Using HMC/NUTS, we can run into difficult geometry with just these priors and no data.

You can reparameterize the Cauchy to make the actual model you draw from less heavy tailed. This is a good idea when there’s not a lot of data, too. There’s a discussion in the user’s guide part of the manual on reparameterizations.

What happens when you use priors with less heavy tails? Did the chains get stuck or just mix slowly?

You might also want to put some kind of prior on the correlation matrix, like an LKJ prior with a parameter greater than 1. I simulated with a 1 in the example above.

~norm(0,1) is less heavy-tailed than ~cauchy(0,1) right? It makes just about no difference. All those parameters except L_sigma are stably estimated (L_Sigma, on the other hand, seems fine, with Rhat~=1.00 and Neff around about half of the maximum).

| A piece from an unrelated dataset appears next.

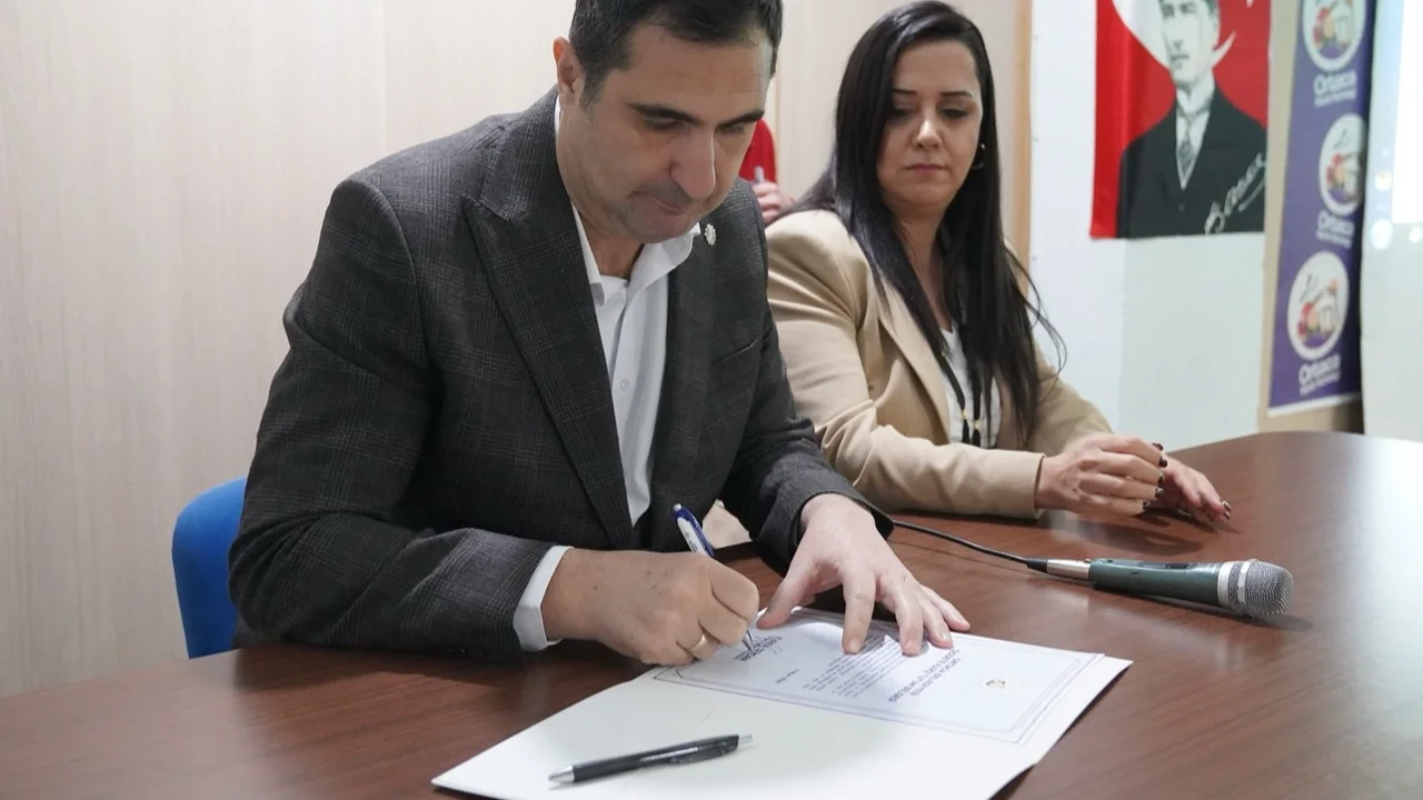 Muğla'da Ortaca Belediye Başkanımız Evren Tezcan, Muğla Büyükşehir Belediyesi Kadın ve Aile Hizmetleri Dairesi Başkan Vekili Dr. Özge Demirel ile “Şiddete Karşı Tutum” belgesini imzaladı.BURSA (İGFA) - Kadına yönelik şiddet, sadece bir toplumsal sorun değil, aynı zamanda insanlık suçu olduğunu söyleyen Başkan Tezcan, “Her bireyin, cinsiyeti ne olursa olsun özgürce yaşama hakkı vardır ve bu hak asla ihlal edilmemelidir. Kadınlarımızın haklarını koruyarak, eşit bir toplum için birlikte çalışmaya devam edeceğiz.” şeklinde konuştu.

I’ll try the method you described!

Using the “generated quantities” block worked, thanks!

Glad to hear it. Nothing like Monte Carlo without the Markov chain complications. (Having said that, the MCMC version could probably be fit with some careful reparameterization.)

Infinitely less heavy tailed—Cauchy has infinite variance, normal is finite. But as you note, this often doesn’t matter with priors—it’s the posterior tails we care about.

I’ve noticed that just about any combination of priors I can use for this design gives me a covariance matrix where the diagonal is substantially larger than the other values and the other values have a stronger prior toward very low values.

Assuming my covariance matrix is actually a correlation matrix, (i.e., the data it represents are uniform), I’m wondering what suitable values would give me weakly informative or uninformative priors for covar anywhere in the range of 0-0.5.

I don’t know if that’s possible to pull off. In higher dimensions, the constraints lead to priors concentrating around zero correlation. You could use an LKJ prior with argument much less than 1 (but still greater than 0).

In some sense, the diagonals wind up having to be relatively larger than the values. But they can get close when there’s very high correlation and all variances are roughly the same.